Operational Workflows

1. Service Startup & Deployment

Docker Compose:

# Start all services
docker compose up -d

# Start specific service
docker compose up -d [service_name]

# Build and start
docker compose up --build -d

# With environment file
docker compose --env-file .env up -d

Kubernetes:

# Apply manifest
kubectl apply -f deployment.yaml

# Rolling update
kubectl set image deployment/[name] [container]=[image]:[tag]

# Check rollout status
kubectl rollout status deployment/[name]

Helm:

# Install release
helm install [release-name] [chart] -f values.yaml

# Upgrade existing release
helm upgrade [release-name] [chart] -f values.yaml

# Rollback to previous version
helm rollback [release-name] [revision]

2. Service Inspection & Monitoring

Docker Compose:

# View running services
docker compose ps

# View logs (follow)
docker compose logs -f [service_name]

# View logs with time range
docker compose logs --since 10m [service_name]

# Inspect container stats
docker stats [container_id]

Kubernetes:

# List resources
kubectl get pods -n [namespace]
kubectl get svc -n [namespace]

# Describe resource (detailed info)
kubectl describe pod [pod_name] -n [namespace]

# View logs
kubectl logs [pod_name] -n [namespace]
kubectl logs -f [pod_name] -n [namespace]  # Follow

# Watch resources in real-time
kubectl get pods -w -n [namespace]

3. Environment & Configuration Management

Load environment variables:

# From .env file
set -a
source .env
set +a

# Apply to specific command
env $(cat .env | xargs) docker compose up -d

Manage secrets:

# Docker Compose (from file)
docker secrets create [name] /path/to/secret

# Kubernetes
kubectl create secret generic [name] --from-file=key=/path/to/secret
kubectl create secret docker-registry [name] --docker-server=[url]

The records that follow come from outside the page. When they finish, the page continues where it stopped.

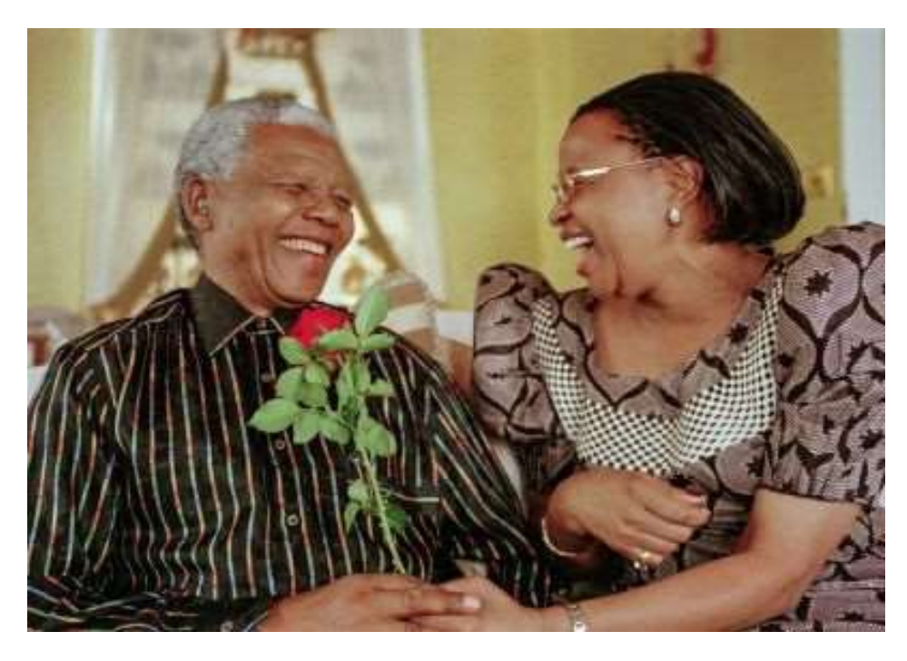
Figure 3.3 Portrait of the first African/Black President of the Republic of South Africa His Excellency Former President Nelson Mandela & Her Excellency Graça Machel
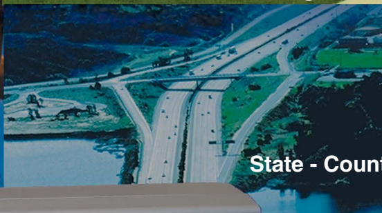
State - County - Local Highway Departments
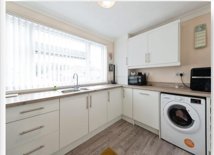
Harbridge Court, Havant PO9 4ES
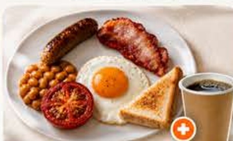
Mini English Breakfast
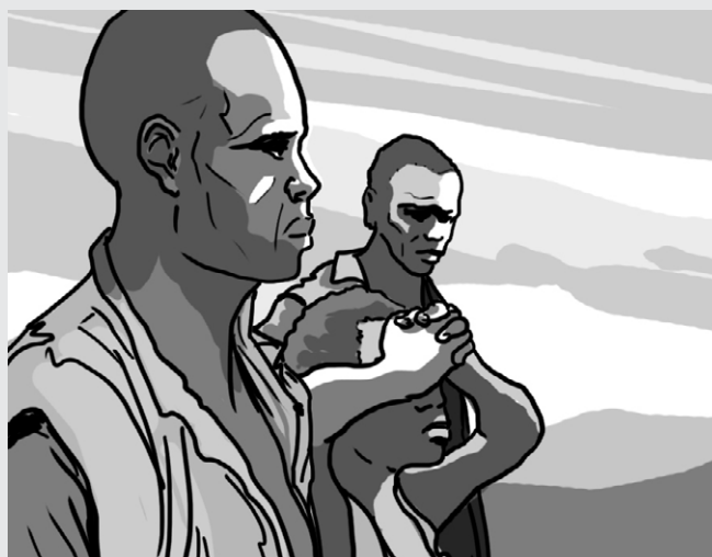
Video shown during the opening statement, ICC v. Lubanga
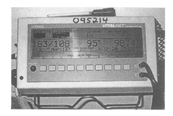
Figure 1 – VitalNet Bedside Unit

Since 1989 we have had an almost perfect solution to the bedside data-capture problem. (See Figure 1). The solution came from a commercial vendor, Critikon, that provided automated entry of the blood pressure, pulse and temperature measurements. It also provided for bedside capture of other measures by keypad. The bedside device includes an automated BP machine (based on oscillometry), a temperature probe, ten keys in a linear layout and 2.5 X 9 inch LCD screen. The meaning of the keys is programmable and labeled by words on the LCD above the keys. These keys can also be used for data entry. The bedside unit displays the automated measurements when they are captured but requires the operator to confirm before they are transmitted for storage to a dedicated ward computer. The ward computer provides a number of printed reports, including a graphical temperature chart that can be placed on the bedside clipboard. The ward computer

4. Troubleshooting Workflow

Container health check:

Verify container is running: docker compose ps or kubectl get pods
Check logs: docker compose logs [service] or kubectl logs [pod]
Inspect configuration: Check environment variables, mounted volumes, network connectivity
Test connectivity: docker exec [container] curl [service] or kubectl exec [pod] -- curl [service]
Resource analysis: docker stats or kubectl top pods

Network troubleshooting:

# Docker Compose
docker network ls
docker network inspect [network_name]

# Kubernetes
kubectl get networkpolicies -n [namespace]
kubectl describe networkpolicy [name] -n [namespace]

Volume & storage issues:

# Docker Compose
docker volume ls
docker volume inspect [volume_name]

# Kubernetes
kubectl get pv
kubectl get pvc -n [namespace]
kubectl describe pvc [name] -n [namespace]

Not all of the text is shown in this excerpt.